■ What you are asked to do:
Exact transcription, pictures omitted: reproduce the listing below.

■ Data for the task:
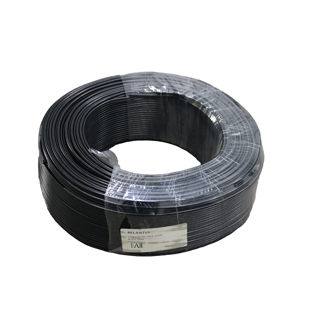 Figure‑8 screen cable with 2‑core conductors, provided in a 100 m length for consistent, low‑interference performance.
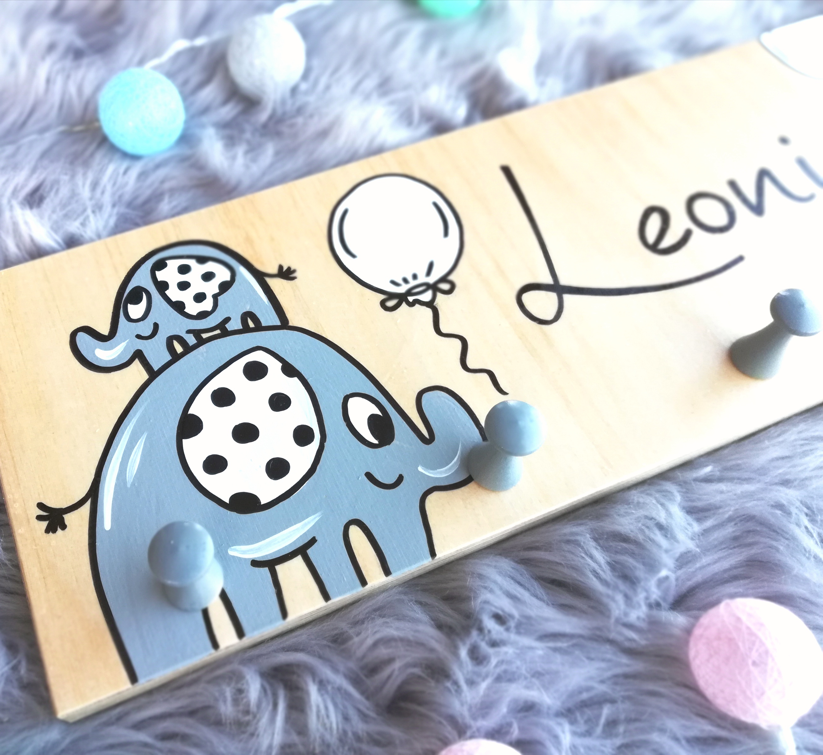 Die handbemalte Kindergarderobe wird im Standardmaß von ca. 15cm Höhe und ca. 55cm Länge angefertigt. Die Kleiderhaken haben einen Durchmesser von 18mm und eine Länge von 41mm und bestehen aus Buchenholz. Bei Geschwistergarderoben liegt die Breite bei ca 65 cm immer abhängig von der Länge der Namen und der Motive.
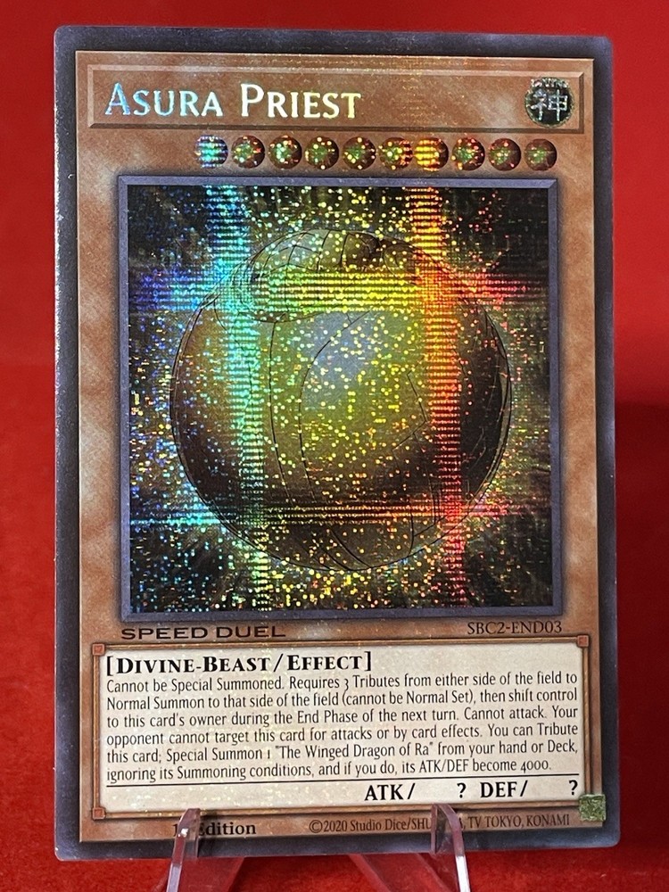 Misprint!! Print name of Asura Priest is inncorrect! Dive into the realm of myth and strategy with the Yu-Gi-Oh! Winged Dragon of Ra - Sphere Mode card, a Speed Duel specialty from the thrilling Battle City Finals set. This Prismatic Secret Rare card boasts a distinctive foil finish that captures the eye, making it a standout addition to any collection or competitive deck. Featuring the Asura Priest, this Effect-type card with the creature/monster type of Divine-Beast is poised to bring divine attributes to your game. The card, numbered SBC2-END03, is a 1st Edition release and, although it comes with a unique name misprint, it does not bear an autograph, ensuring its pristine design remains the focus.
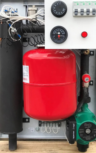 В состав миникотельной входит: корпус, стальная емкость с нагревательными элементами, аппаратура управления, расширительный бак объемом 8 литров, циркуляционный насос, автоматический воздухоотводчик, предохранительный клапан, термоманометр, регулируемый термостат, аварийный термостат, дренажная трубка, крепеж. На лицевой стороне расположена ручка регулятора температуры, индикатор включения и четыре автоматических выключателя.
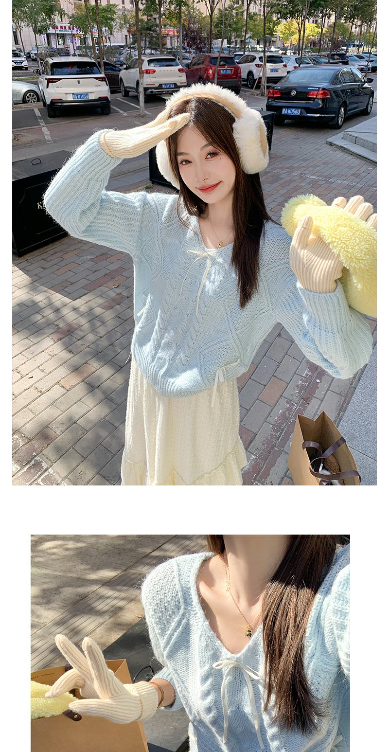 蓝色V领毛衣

■ Response to this task:
 Figure‑8 screen cable with 2‑core conductors, provided in a 100 m length for consistent, low‑interference performance.
 Die handbemalte Kindergarderobe wird im Standardmaß von ca. 15cm Höhe und ca. 55cm Länge angefertigt. Die Kleiderhaken haben einen Durchmesser von 18mm und eine Länge von 41mm und bestehen aus Buchenholz. Bei Geschwistergarderoben liegt die Breite bei ca 65 cm immer abhängig von der Länge der Namen und der Motive.
 Misprint!! Print name of Asura Priest is inncorrect! Dive into the realm of myth and strategy with the Yu-Gi-Oh! Winged Dragon of Ra - Sphere Mode card, a Speed Duel specialty from the thrilling Battle City Finals set. This Prismatic Secret Rare card boasts a distinctive foil finish that captures the eye, making it a standout addition to any collection or competitive deck. Featuring the Asura Priest, this Effect-type card with the creature/monster type of Divine-Beast is poised to bring divine attributes to your game. The card, numbered SBC2-END03, is a 1st Edition release and, although it comes with a unique name misprint, it does not bear an autograph, ensuring its pristine design remains the focus.
 В состав миникотельной входит: корпус, стальная емкость с нагревательными элементами, аппаратура управления, расширительный бак объемом 8 литров, циркуляционный насос, автоматический воздухоотводчик, предохранительный клапан, термоманометр, регулируемый термостат, аварийный термостат, дренажная трубка, крепеж. На лицевой стороне расположена ручка регулятора температуры, индикатор включения и четыре автоматических выключателя.
 蓝色V领毛衣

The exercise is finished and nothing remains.